Task
Without changing a word, repeat the data, and include no pictures.

[Extracted records]
————————

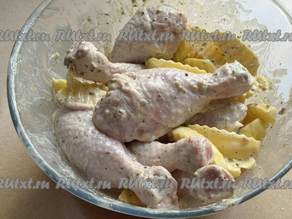 Хорошо перемешать дольки картофеля и куриные ножки, покрывая их специями и майонезом со всех сторон.
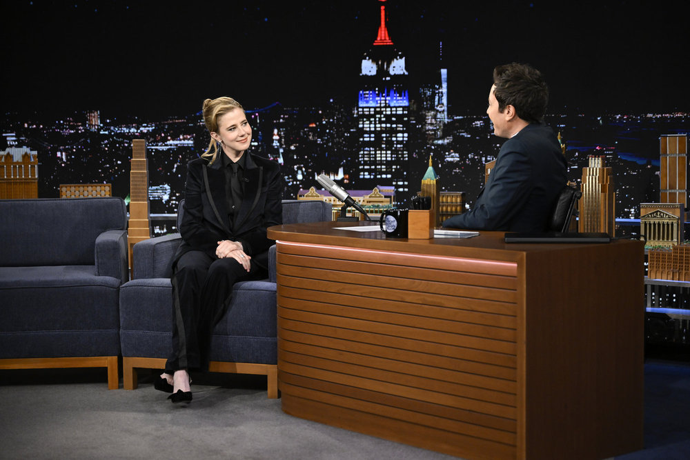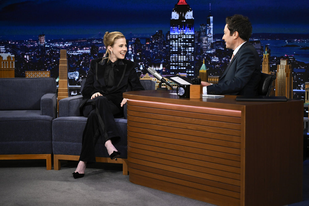THE TONIGHT SHOW STARRING JIMMY FALLON — Episode 2278 — Pictured: (l-r) Actress Taylor Dearden during an interview with host Jimmy Fallon on Monday, April 20, 2026 — (Photo by: Todd Owyoung/NBC)
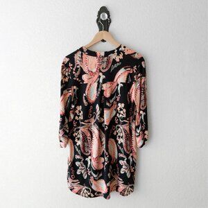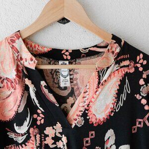 Honeyme Blouse Size Medium Black Pink Paisley Floral Print Tunic Top Made in USA
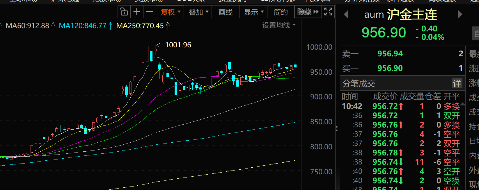 沪金主连上抗跌较为明显
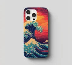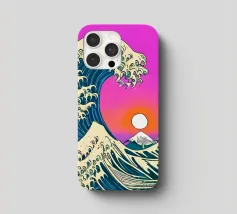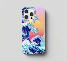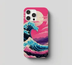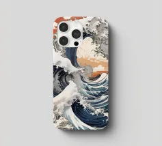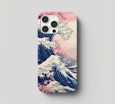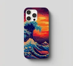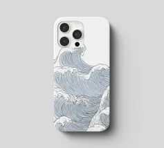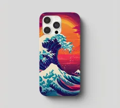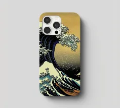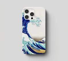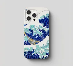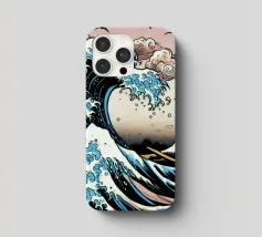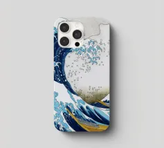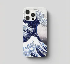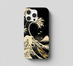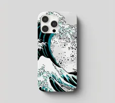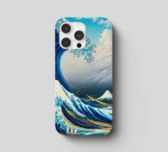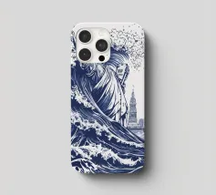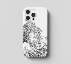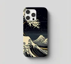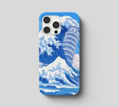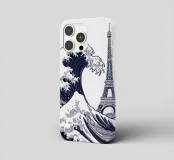 L'immagine raffigura un'illustrazione stilizzata in bianco e nero della Grande Onda al largo di Kanagawa, una famosa xilografia giapponese, con la Torre Eiffel sovrapposta all'onda. L'onda è raffigurata in un movimento dinamico e vorticoso, con creste spumeggianti e una base blu intenso. La Torre Eiffel si erge alta e slanciata, con la sua struttura intricata che contrasta con la forma organica dell'onda.

————————

Result below
 Хорошо перемешать дольки картофеля и куриные ножки, покрывая их специями и майонезом со всех сторон.
THE TONIGHT SHOW STARRING JIMMY FALLON — Episode 2278 — Pictured: (l-r) Actress Taylor Dearden during an interview with host Jimmy Fallon on Monday, April 20, 2026 — (Photo by: Todd Owyoung/NBC)
 Honeyme Blouse Size Medium Black Pink Paisley Floral Print Tunic Top Made in USA
 沪金主连上抗跌较为明显
 L'immagine raffigura un'illustrazione stilizzata in bianco e nero della Grande Onda al largo di Kanagawa, una famosa xilografia giapponese, con la Torre Eiffel sovrapposta all'onda. L'onda è raffigurata in un movimento dinamico e vorticoso, con creste spumeggianti e una base blu intenso. La Torre Eiffel si erge alta e slanciata, con la sua struttura intricata che contrasta con la forma organica dell'onda.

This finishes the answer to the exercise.